Mrs Oware said one of the exceptional highlights of the new demonstration was the arrangement made in it for the foundation of the Office of the Registrar of Companies which was to be financial independent.

She said that office would be taken out from the Registrar-Generals’ Department and be made a self-sufficient body with a board drawn from skilled elements, for example, the Ministry of Justice, the Ghana Bar Association (GBA), the scholarly community and the Institute of Chartered Accountants, Ghana (ICAG).

“There are a great deal of reformatory and authorization instruments in the bill also, so the Office of the Registrar will guarantee that due strategy is pursued for effective business conduct,” she said.

She said the new act would, among other things, do away with commissioners of oath, minimum equity requirement and requirements for objects of registration.
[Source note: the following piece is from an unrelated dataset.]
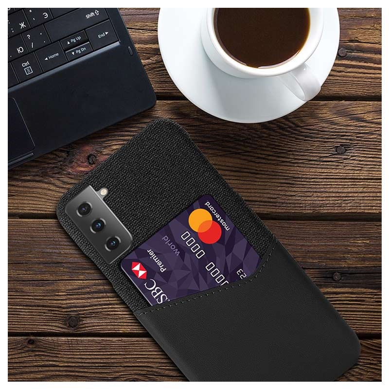 Takket være det hårde polykarbonatlag giver dette utroligt tynde cover din Samsung Galaxy S21+ 5G ekstra fasthed samtidig med at enheden stadig kan ligge i din lomme. Derudover gør det delikate lag stof og den integrerede kortlomme tilbehøret både moderigtigt og praktisk.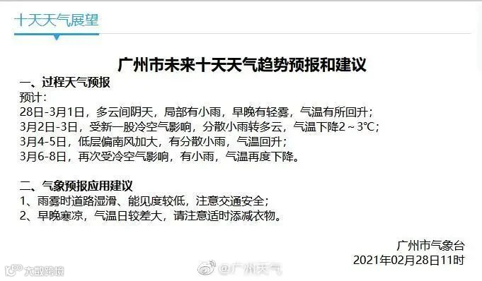 3月1日白天,大部阴天间多云,气温继续回升;西部的部分市县有分散小雨,早晚有轻雾,个别市县有雾,琼州海峡早晚有轻雾,部分时段有雾。

“The Companies Bill has also discarded the provision of a constitution as a prerequisite for enrolling a business and this will encourage the enlistment procedure.

“The demonstration will also guarantee that the Inspectorate Division of the Registrar-General’s Department will be patched up to go out to uphold controls under the Companies Act,” she said.

Goro Boys

The Chief Executive Officer (CEO) of the Private Enterprises Federation (PEF), Nana Osei-Bonsu, wailed over the negative impacts the third parties, prominently called “goro young men”, had on the enrollment of organisations, saying that the time had come to bargain conclusively with the circumstance.

“If the rules of engagement at the Registrar-General’s Department were efficient and service delivery up to speed, the ‘goro boys’ would not be operating and making money from the public,” he said.

He approached individuals holding places of trust to see those workplaces thusly and act in manners that would not block the conveyance of services to the public.